Freedom of the Will

by R.C. Sproul

Does God’s foreknowledge eliminate human freedom? Does the immutability of God and the omniscience of God mean the end of all human freedom?

  • If free human actions were not known in advance by God, then when He learned of them, He would undergo a change in His knowledge; He would learn something new. Here both immutability and omniscience would be compromised.

If human actions are known by God in advance, is it not certain that they will come to pass exactly as God has foreknown them? If God knows today what I will do tomorrow, then there is no doubt that when tomorrow comes, I will do what God already knows I will do. With respect to the mind of God my future behavior is absolutely certain. But, does that mean that my future actions are absolutely determined or coerced by God?

God can know the future in more than one way. He can know the future because He has determined the future, or He can know it as a spectator. Consider the following analogy. Suppose you are standing at the corner of the roof atop a fivestory building. As you look down to the street directly below, you see two runners on the sidewalk. One of them is approaching the edge of the building below you from south to north. The other runner is approaching the edge from west to east. They cannot see each other because their view is obscured by the building. From where you are standing you can see that the two runners are going to collide. You want to shout for them to stop, but you know it is too late. They are a split second away from crashing into each other. All you can do is stand helplessly waiting for the collision.

The analogy suggests a human way of knowing the future without causing or forcing the future to happen. (Of course, like any analogy, it is far from perfect. It is possible that one of the runners will step into a manhole just before he reaches the corner, or one might be vaporized by a laser gun at the last second. Our knowledge of the future in this case is not really certain.) The point of the analogy though, is simply to illustrate that we can have knowledge of future events without causing those future events.

Some have approached the subject of God’s foreknowledge from a different perspective. Their argument is based on God’s relationship to space and time. The idea is this: God is eternal; He is above space and time. God sees all things from the vantage point of the present. There is no past or future with God. He sees all things as present. If God sees all things as present, then how He does it is completely beyond our comprehension. What God’s ultimate relationship to time is remains a highly speculative matter. If what is future to me is present to God, then we know His knowledge of our future is perfect and that future is absolutely. certain. God can make no errors in His observations.

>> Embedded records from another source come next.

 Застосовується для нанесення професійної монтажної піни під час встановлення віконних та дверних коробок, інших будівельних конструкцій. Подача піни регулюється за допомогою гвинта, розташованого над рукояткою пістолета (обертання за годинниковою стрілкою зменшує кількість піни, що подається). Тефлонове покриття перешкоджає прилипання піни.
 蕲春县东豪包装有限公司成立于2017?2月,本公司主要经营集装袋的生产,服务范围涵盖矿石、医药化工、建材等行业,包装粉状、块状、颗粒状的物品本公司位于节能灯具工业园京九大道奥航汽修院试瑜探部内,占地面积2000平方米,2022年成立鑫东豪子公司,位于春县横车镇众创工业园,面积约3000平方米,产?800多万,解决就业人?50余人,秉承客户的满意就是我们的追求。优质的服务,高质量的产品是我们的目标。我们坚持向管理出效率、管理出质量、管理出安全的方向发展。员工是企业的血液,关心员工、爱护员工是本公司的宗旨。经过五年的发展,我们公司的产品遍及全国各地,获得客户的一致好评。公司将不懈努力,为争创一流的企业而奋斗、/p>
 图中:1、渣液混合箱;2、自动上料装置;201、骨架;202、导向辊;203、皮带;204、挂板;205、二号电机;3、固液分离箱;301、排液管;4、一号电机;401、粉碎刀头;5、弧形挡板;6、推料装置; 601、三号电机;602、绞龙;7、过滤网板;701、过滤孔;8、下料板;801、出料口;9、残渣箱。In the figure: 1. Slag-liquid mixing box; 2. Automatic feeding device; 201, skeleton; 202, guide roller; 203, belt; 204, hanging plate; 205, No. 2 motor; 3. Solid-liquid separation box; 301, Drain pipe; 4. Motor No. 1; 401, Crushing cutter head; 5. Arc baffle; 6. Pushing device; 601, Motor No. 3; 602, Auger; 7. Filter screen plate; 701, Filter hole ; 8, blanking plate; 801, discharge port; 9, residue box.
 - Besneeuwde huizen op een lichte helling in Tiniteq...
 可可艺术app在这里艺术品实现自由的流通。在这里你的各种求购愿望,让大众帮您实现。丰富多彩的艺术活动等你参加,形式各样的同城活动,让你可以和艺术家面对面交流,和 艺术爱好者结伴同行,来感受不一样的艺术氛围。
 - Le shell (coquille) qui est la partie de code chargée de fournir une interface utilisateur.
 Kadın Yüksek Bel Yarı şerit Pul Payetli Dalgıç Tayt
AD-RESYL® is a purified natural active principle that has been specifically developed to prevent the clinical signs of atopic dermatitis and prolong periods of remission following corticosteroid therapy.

It is one thing to say that God causes or coerces all things. It is quite another to say that God foreordains all things. If God forces or coerces all things, then He would have had to coerce the fall of man. If this were so, then God would be the cause, indeed the guilty perpetrator of sin. Not only would God be guilty of sin but His coercive actions would destroy the freedom of man.

To aid understanding we need to consider two models, two images of God, which lead to serious distortions of the divine character. First is the image of God as a puppeteer. Here God manipulates the strings of marionettes. The feet and the arms of the puppets jerk and dance as God pulls the strings. Puppets have no will. They have no heart or soul. Their bodies are filled with sawdust. If God were like this, not even the Wizard of Oz could make us truly free.

The second image of God is of the spectator. Here God sits on the sidelines of world history. He observes the game closely. He makes careful notes about the action and will turn in a scouting report. He is the ultimate armchair quarterback. He second-guesses the plays that are called. He roots for His favorite team. However, He is powerless to affect the outcome of the game in any way. The action is on the field, and He’s not playing. This model of God destroys His sovereignty. The spectator God is a God who reigns but never rules. He is a God without authority. He observes history but is not Lord over history.

Neither of these images does justice to the biblical view of God. They serve merely to alert us to the pitfalls that lurk in the shadows. They represent borders over which we must not go.

  • We must be careful not to so zealously maintain the sovereignty of God that we end up denying human freedom and responsibility.
  • At the same time we must be careful not to so zealously preserve human freedom that we reduce God to an impotent spectator of world affairs.

The correct approach is to insist that God foreordains all things and that all future events are under His sovereignty. The future is absolutely certain to God. He knows what will take place, and He foreordains what will take place.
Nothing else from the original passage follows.